The official online compendium for Mining the Social Web, 3rd Edition (O'Reilly, 2018). The notebooks
folder of this repository contains the latest bug-fixed sample code used in the book chapters.
There are several ways to get up and running with the sample code in MTSW, which we detail in this section.
If you are familiar with git and have a git client installed on your machine, simply clone the repository to your own machine. However, it is up to you to install all the dependencies for the repository. The necessary Python libraries are detailed in the requirements.txt
file. The other requirements are detailed in the Requirements section below.

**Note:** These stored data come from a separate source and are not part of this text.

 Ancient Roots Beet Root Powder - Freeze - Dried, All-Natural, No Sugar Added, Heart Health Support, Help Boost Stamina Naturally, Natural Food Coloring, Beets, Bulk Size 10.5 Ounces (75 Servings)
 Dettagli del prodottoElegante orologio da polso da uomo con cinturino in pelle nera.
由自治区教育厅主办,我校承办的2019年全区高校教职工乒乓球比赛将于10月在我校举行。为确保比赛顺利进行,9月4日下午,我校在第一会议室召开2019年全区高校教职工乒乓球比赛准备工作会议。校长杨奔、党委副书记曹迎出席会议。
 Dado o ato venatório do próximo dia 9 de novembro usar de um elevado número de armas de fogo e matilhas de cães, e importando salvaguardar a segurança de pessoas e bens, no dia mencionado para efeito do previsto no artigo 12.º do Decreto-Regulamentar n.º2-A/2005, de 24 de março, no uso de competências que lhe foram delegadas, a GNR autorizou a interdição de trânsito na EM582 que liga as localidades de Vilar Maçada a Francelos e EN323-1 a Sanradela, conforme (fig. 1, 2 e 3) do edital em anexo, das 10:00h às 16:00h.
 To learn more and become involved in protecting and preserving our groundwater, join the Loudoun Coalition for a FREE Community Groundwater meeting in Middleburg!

You may also download a zip archive directly from GitHub. The only disadvantage of this approach is that in order to synchronize your copy of the code with any future bug fixes, you will need to download the entire repository again. You are still responsible for installing any dependencies yourself.
Docker is a tool for creating a "containerized" version of software that is independent of the underlying operating system. The included Dockerfile
is the recipe that creates an "image" of all the software you need to run the sample code for MTSW, including all of the dependencies. This software image runs within the container managed by the Docker client on your machine.

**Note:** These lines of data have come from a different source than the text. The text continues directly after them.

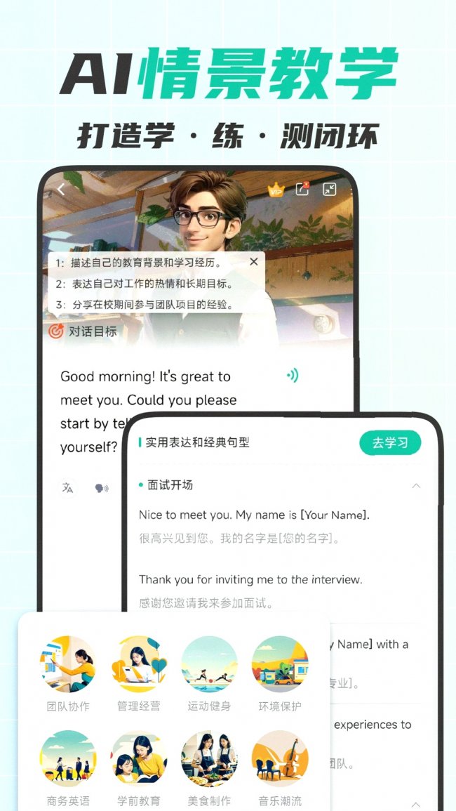扇贝口语的素材库很全,日常交流、商务英语、雅思托福的内容都有,课程设计是“跟读模仿+逐句精修”的模式,能帮你打磨基础发音,适合用来做基础的发音练习。但同样缺乏针对考研复试的专项内容,没有专业相关的训练素材,也没有模拟面试的功能,只能作为补充练习工具。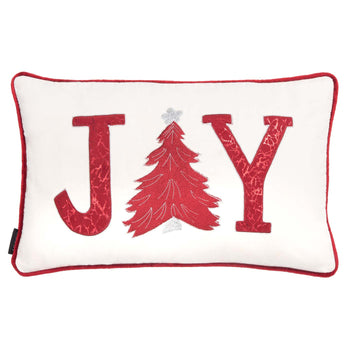 Bring a touch of seasonal cheer to your Decor with this festive Joy Tree Pillow. Delightfully designed with soft cream cotton and bright red piping, the stitched details on its holiday tree motif further enhance its decorative appeal.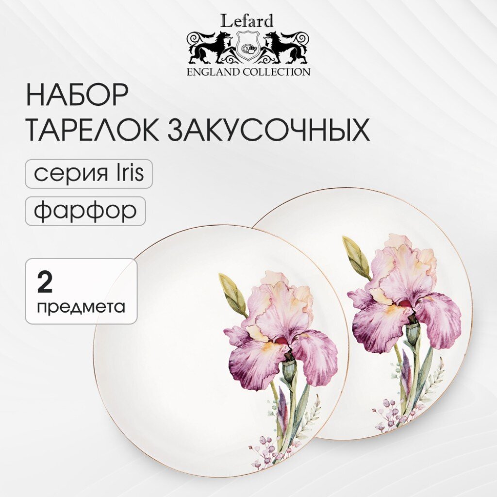 Премиум-набор из 2 фарфоровых тарелок Lefard Irises 23 см: изысканная сервировка, прочность и акцент на стиль для вашего дома или подарка.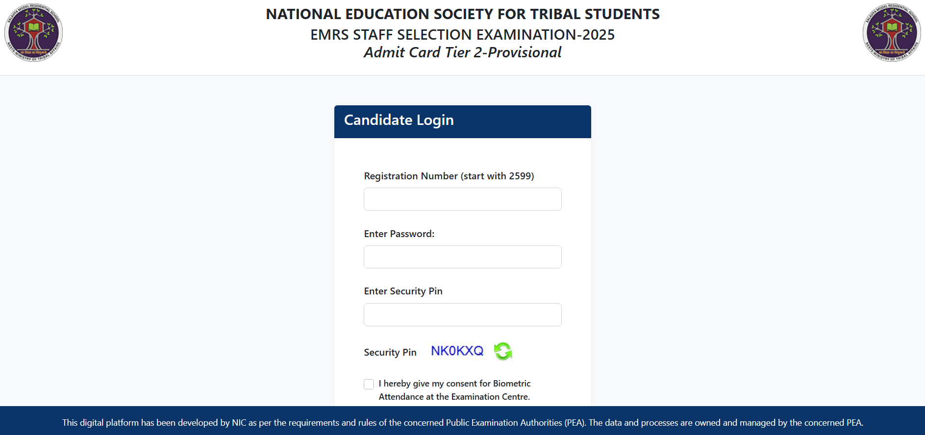 - You will be redirected to the Eklavya Model Residential Schools (EMRS) ESSE 2025 Admit Card download page.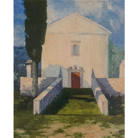 Lot 20 Attilio Lasta, Esterno di chiesa, olio su tavola, cm 27x21,5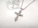 当店オリジナルブランドである【凜ri-n】の人気アイテム、クロスネックレスです。中央にタンザナイトを入れて上品に仕上げました。カジュアルなデザインも石を入れることにより、大人っぽく着けられるようになります。お誕生日の贈り物にも人気です。

The authors recommend using Docker. You won't have to worry about which operating system you're using, whether Windows, MacOS, or some Linux variant. You also won't have to worry about installing anything beyond the Docker client.

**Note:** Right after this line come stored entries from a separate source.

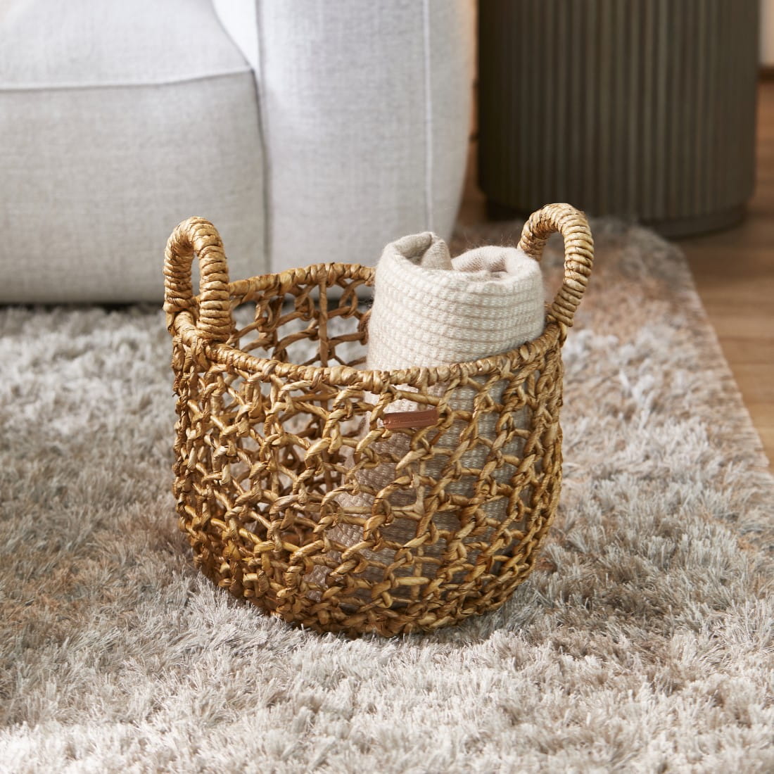 Zestaw tkanych koszy jest idealny do przechowywania i organizowania rzeczy.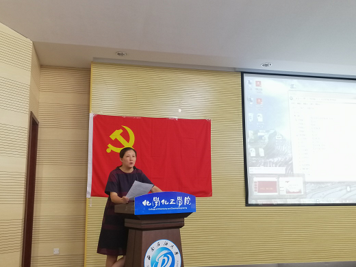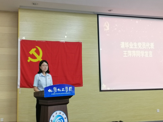會議伊始,全體參會人員齊唱《國際歌》。隨后,陳剛帶領學院新黨員宣誓,老黨員重溫誓詞。宣誓儀式后,余亞蘭作為教師黨員教師代表發言,她首先對所有畢業生表達了祝愿,并希望他們在今后的人生道路中,時刻銘記黨員的身份,做一名合格的黨員,一步一個腳印,不斷提升黨性修養。隨后,王萍萍作為畢業生黨員代表發言,她指出我們應時刻保持一份追求卓越,勇于創新的態度,不斷提升對自我的要求,積極主動作為,爭當模范,充分發揮黨員的帶動作用。接下來,新發展黨員、化學工程與工藝2017級馮雪飛同學作為代表發言,她講述了自己在學習進步過程中對黨的深切熱愛和熱烈擁護,并表示今后將更加嚴格的要求自己,積極發揮黨員榜樣意識,服務同學、發揮先鋒作用。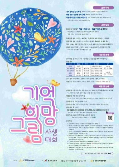 4.16민주시민교육원은 오는 18일부터 29일까지 유·초·중·고등학생과 동일 연령대 학교 밖 청소년을 대상으로 ‘2024 기억 희망 그림 사생대회’를 개최한다고 밝혔다.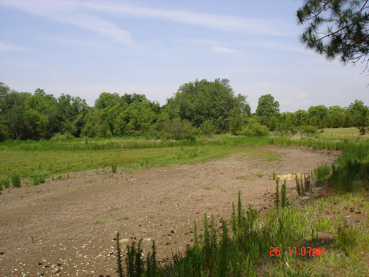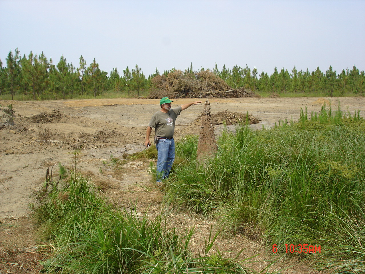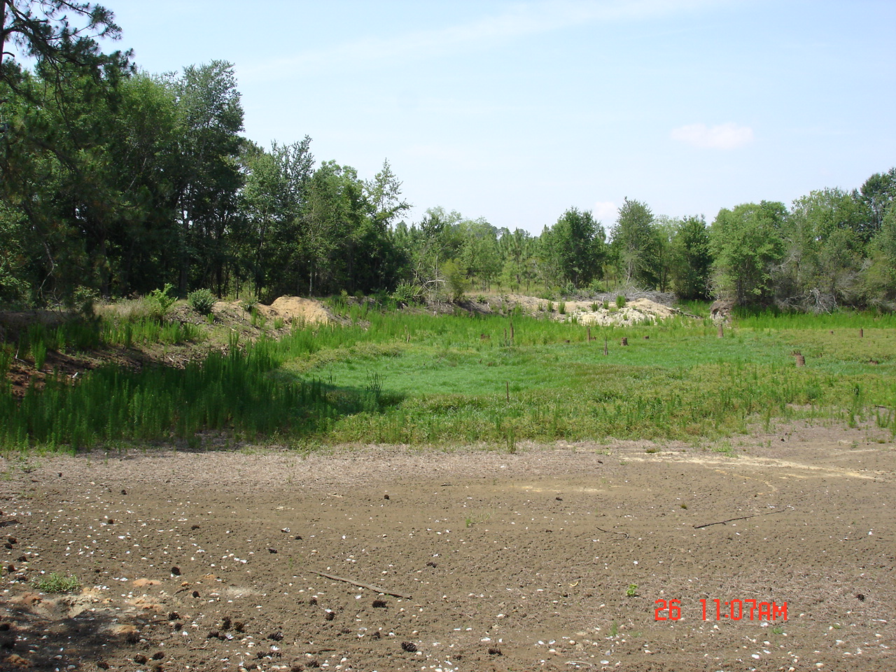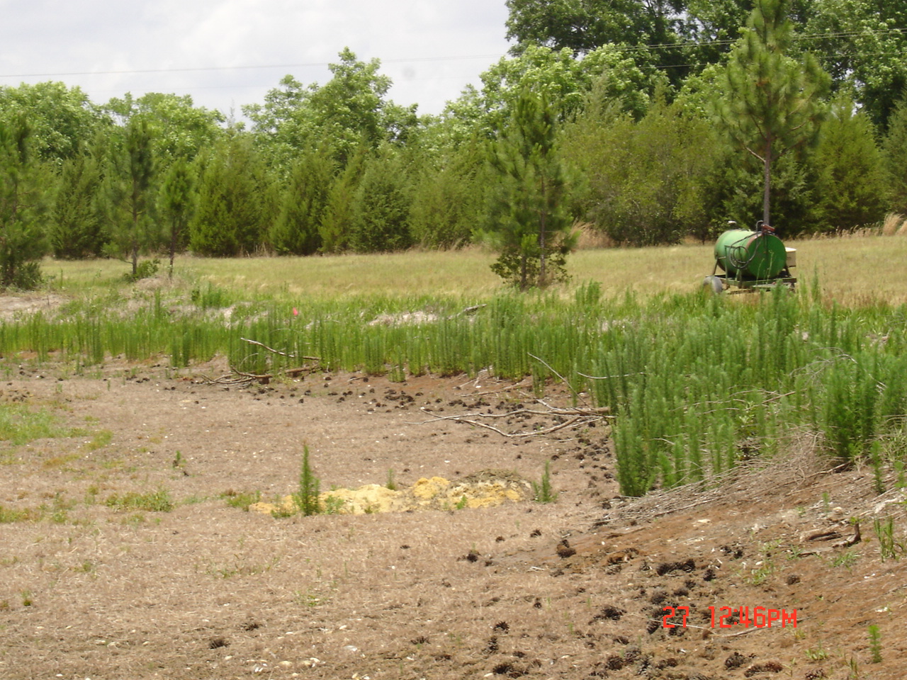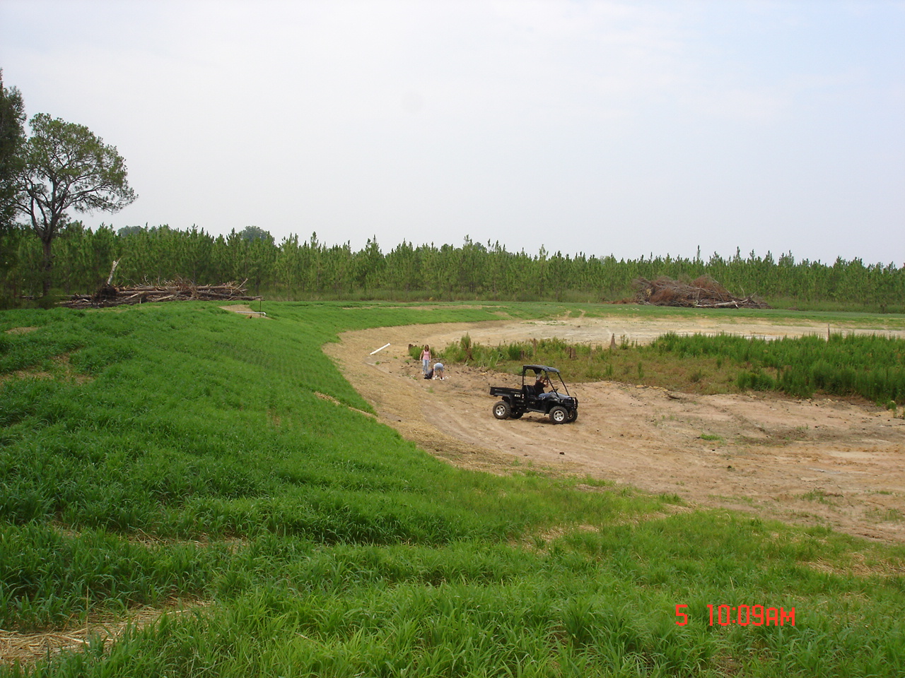 I went back 2 days late on the 18th of June. Straw was being scattered out. 1,000 lbs./acre of lime had been spread in and around the pond. Also, 100 lbs./acre of balanced fertilizer was spread around the pond and brown top millet and common Bermuda had been drilled.

Visit the Docker Store and download the free Docker CE (Community Edition) for your operating system.
To make sure that the Docker client installed correctly, type the following from the command line.
docker --version
This should display something like
Docker version 17.12.0-ce, build c97c6d6
If so, congratulations, you've successfully installed Docker.
The next thing will be to build the image from the Dockerfile
. From within the same directory as this repository's Dockerfile
, type
docker build -t mtsw3e .
This will "tag" your image with the name mtsw3e
. Building the image will take some time. The Docker client has to download a base image and then install all of the dependencies. You will only need to do this once, provided you don't delete the image from your computer.
Some users report the following error (noted on MacOS):
$ docker build -t mtsw3e .
ERRO[0000] failed to dial gRPC: unable to upgrade to h2c, received 502
context canceled
If this happens to you, disable the experimental features by unchecking the option in your Docker preferences.
Once you've built the image you should see it in your list of images:
$ docker image ls
REPOSITORY TAG IMAGE ID
mtsw3e latest 326387cea398
The last step is to run docker-compose
, which will launch the container we just built and connect it to a MongoDB database running in a separate container, which is needed for some of the code examples
$ docker-compose up
The output will look something like this:
You will see the instruction on the screen to copy/paste the URL into your web browser's search bar. If you do this, you should see a Jupyter Notebook server running and a list of all the Jupyter Notebooks that are a part of this repository.
TODO
There are several ways in which you can contribute to the project. If you discover a bug in any of the code, the first thing to do is to create a new issue under the Issues tab of this repository. If you are a developer and would like to contribute a bug fix, please feel free to fork the repository and submit a pull request.